What does the name Kathleen stand for?
The name Kathleen is primarily a female name of Irish origin that means Pure.
Is Kathleen a Catholic name?
When Catholicism took hold in Ireland, it brought with it a tide of St. Catherines, popularizing the name. Catherine became Caitlín in Irish which was Anglicized first as Cathleen and then Kathleen.
What is the Hebrew name for Kathleen?
Zakiah (Hebrew: זַכִּיָה), also spelt Zakiya, Zakia, Zakiyah, or Zakayah, is a Hebrew female given name also meaning “pure”. It may be used as a Hebrew equivalent of Katherine, owing to Katherine’s supposed Greek derivation from katharos “pure”.
What does the middle name Kathleen mean?
Kathleen Origin and Meaning
The name Kathleen is a girl’s name of Irish origin meaning “pure”. … Kathy Griffin and Kate Walsh were born Kathleen, and it’s J.K. Rowling’s adopted middle name, after her paternal grandmother.
What is a nickname for Kathleen?
Nicknames: Kat, Kath, Kathy, Kate, Katie (or Katy).
What does Kathleen mean in Irish?
In Irish Baby Names the meaning of the name Kathleen is: Pure. Clear. Innocent. From the Gaelic form Caitlin.

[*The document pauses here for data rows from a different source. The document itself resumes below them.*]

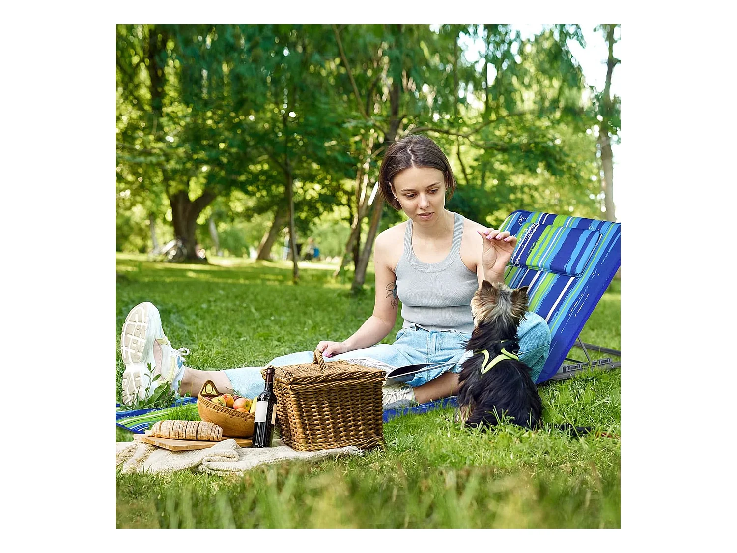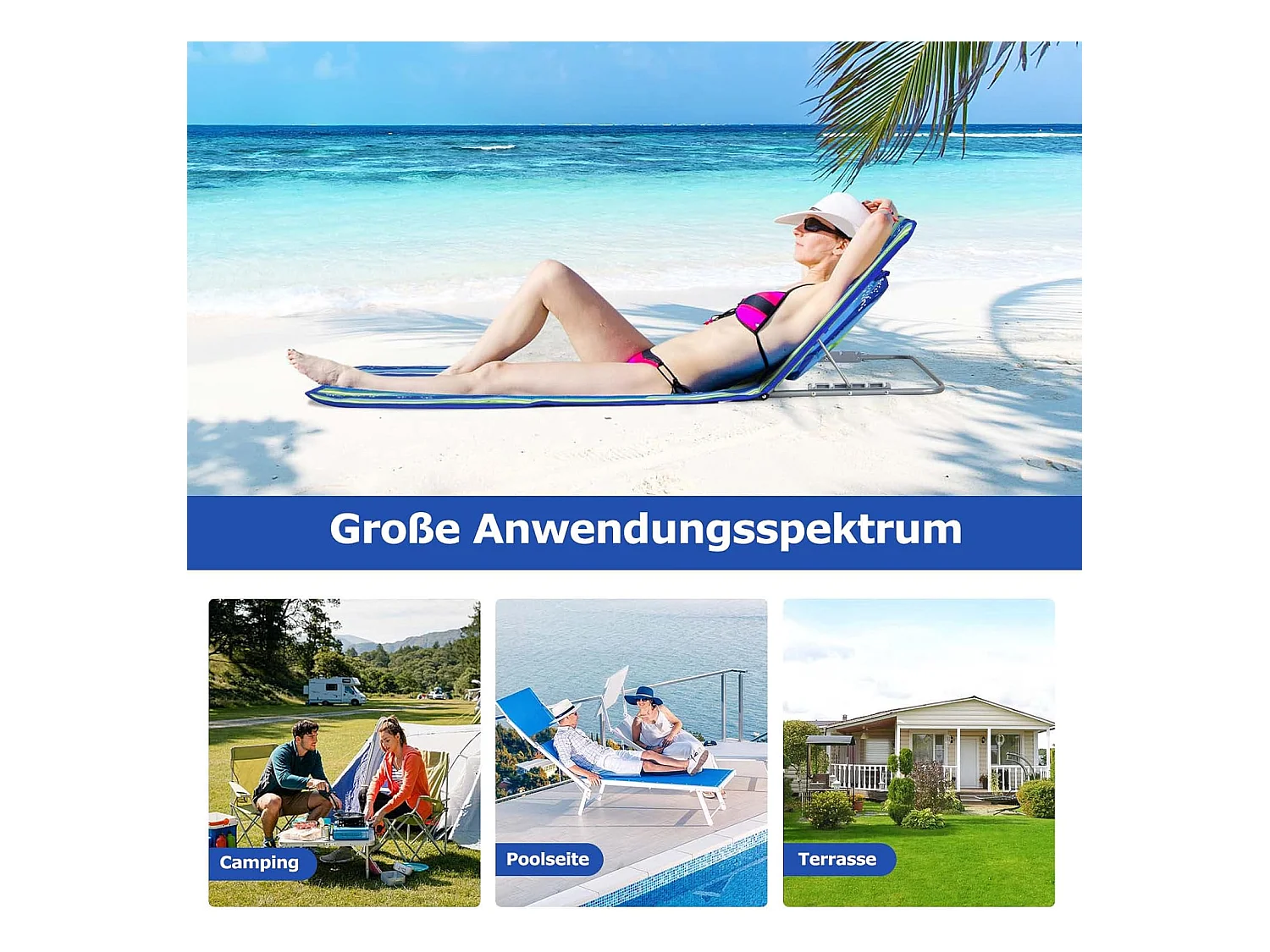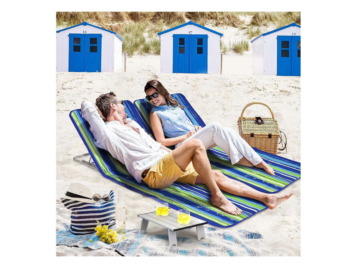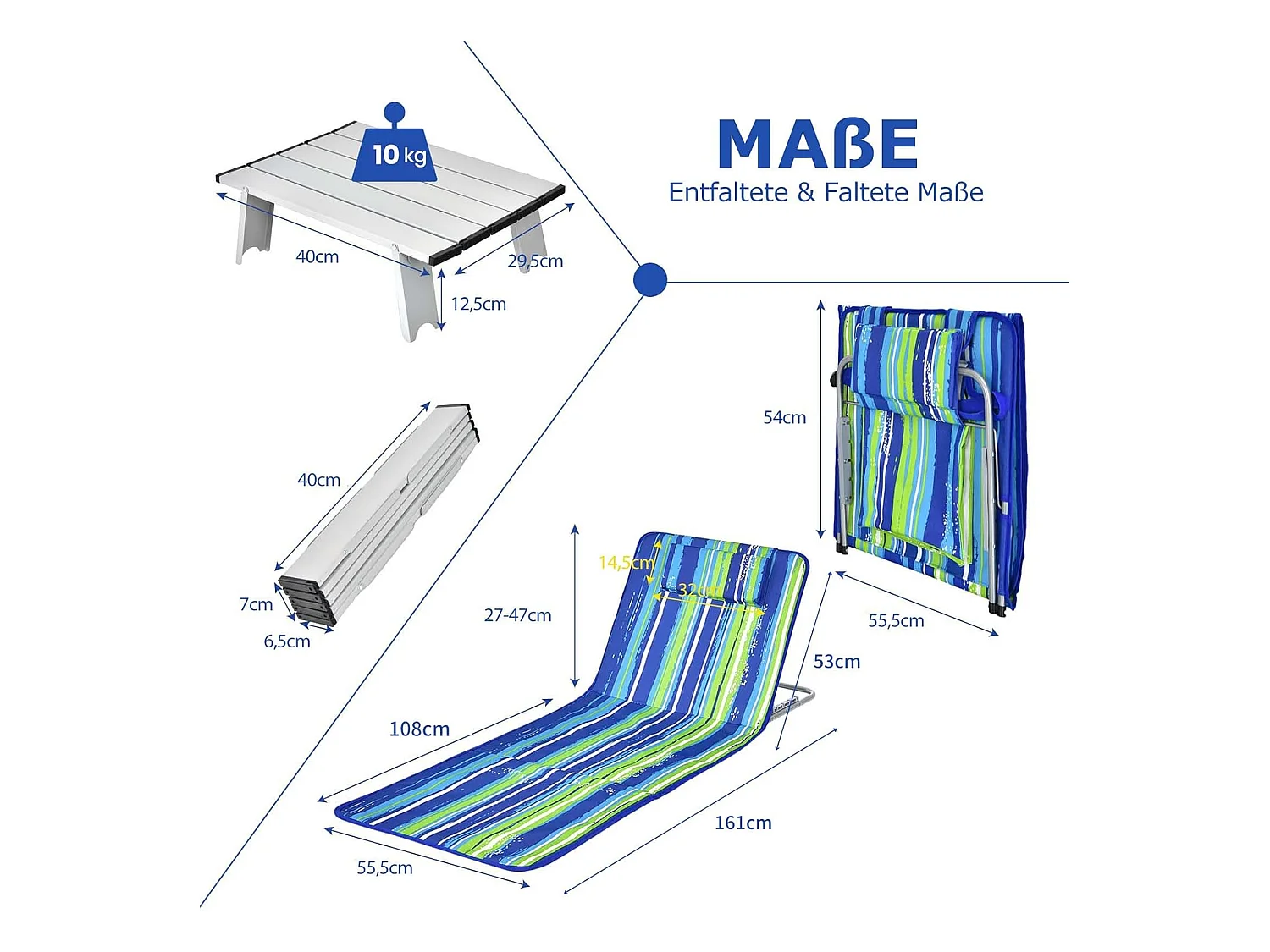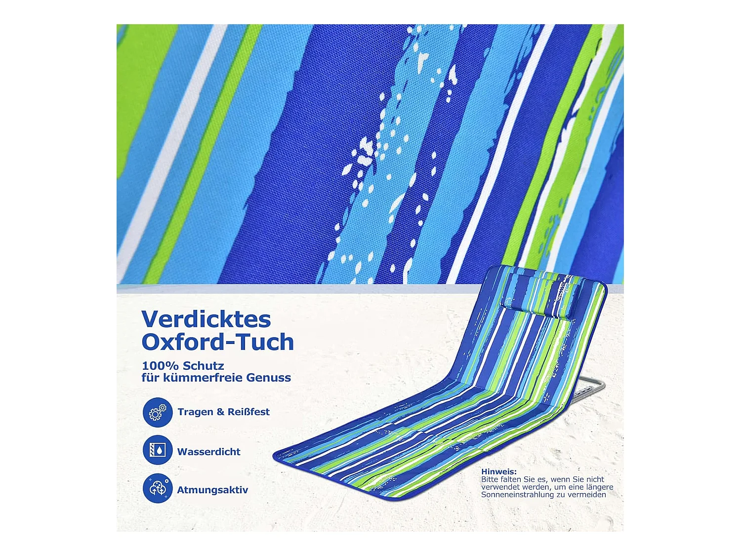 Set van 2 strandmatten met bijzettafel, hoofdkussen en opbergvak, ligmat, opvouwbare zonmat, licht, draagbaar, strandstoel voor het strand (groen) ZB32435
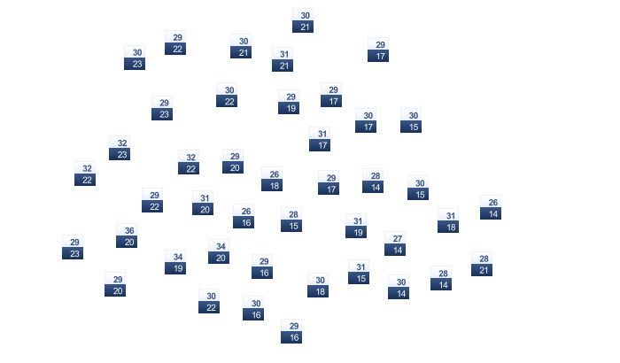 | 30 | 30 | 30 | 29 | 28 | 27 | 27 | 27 | 27 | 28 | 29 | 29 |
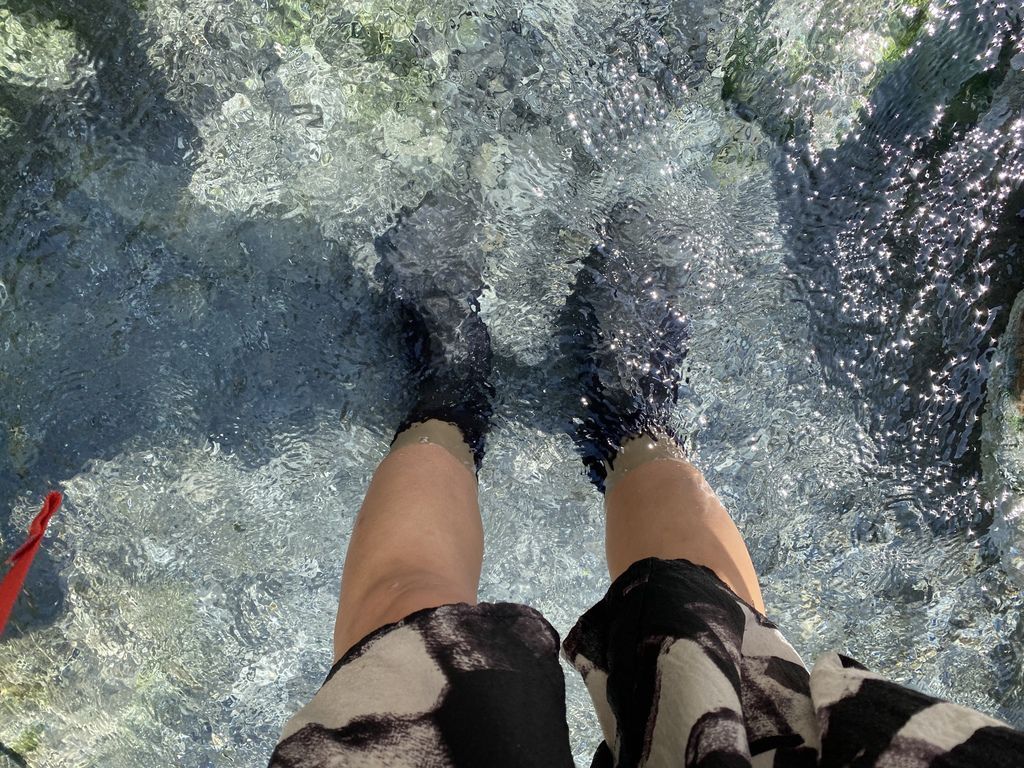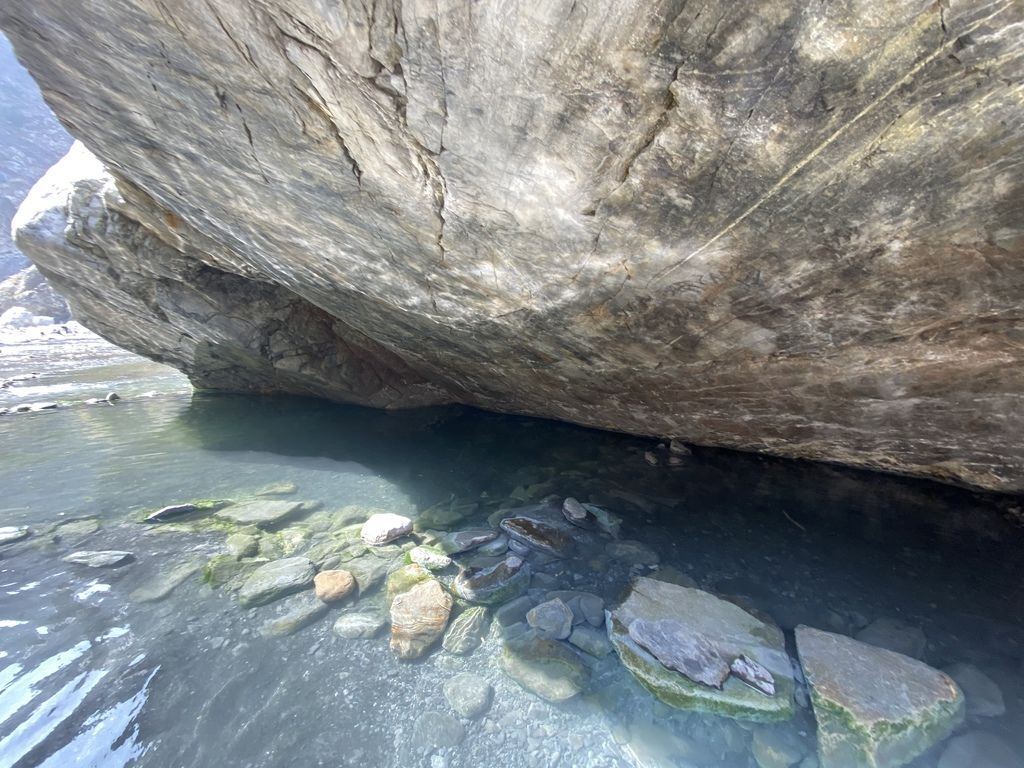 石壁下的溫泉淺度比較淺一些,所以只泡腳的話真的還是會瑟瑟發抖呢!

Who is the patron saint of Kathleen?
|Saint Katharine Drexel S.B.S.|
|Born||November 26, 1858 Philadelphia, Pennsylvania, U.S.|
|Died||March 3, 1955 (aged 96) Bensalem, Pennsylvania, U.S.|
|Venerated in||Roman Catholic Church|
|Beatified||November 20, 1988 by Pope John Paul II|
Is Mary a Hebrew name?
The name Mary was derived from the ancient Hebrew name Miriam. Miriam was the name of Moses’ sister in the Old Testament of the Bible. … Origin: In Latin editions of the Bible, the name Miriam (or Maryam, an Aramaic variant) was rendered as Maria.
What does Jessica name mean?
Jessica is a traditionally feminine name with Hebrew roots meaning “rich” or “God beholds” — it comes from the Hebrew “yiskah,” and variations include Iska, Jeska, Yessica, Jessika, Jess, Jessie and Jesse. Iscah was a daughter of Haran in the Bible’s Book of Genesis.
What does Kathy mean?
In Latin Baby Names the meaning of the name Kathy is: Pure, clear. Form of the Latin ‘Katharina’, from the Greek ‘Aikaterina’. It was borne by a number of saints, including St Catherine of Alexandria, a 4th century martyr who suffered torture on a spiked wheel.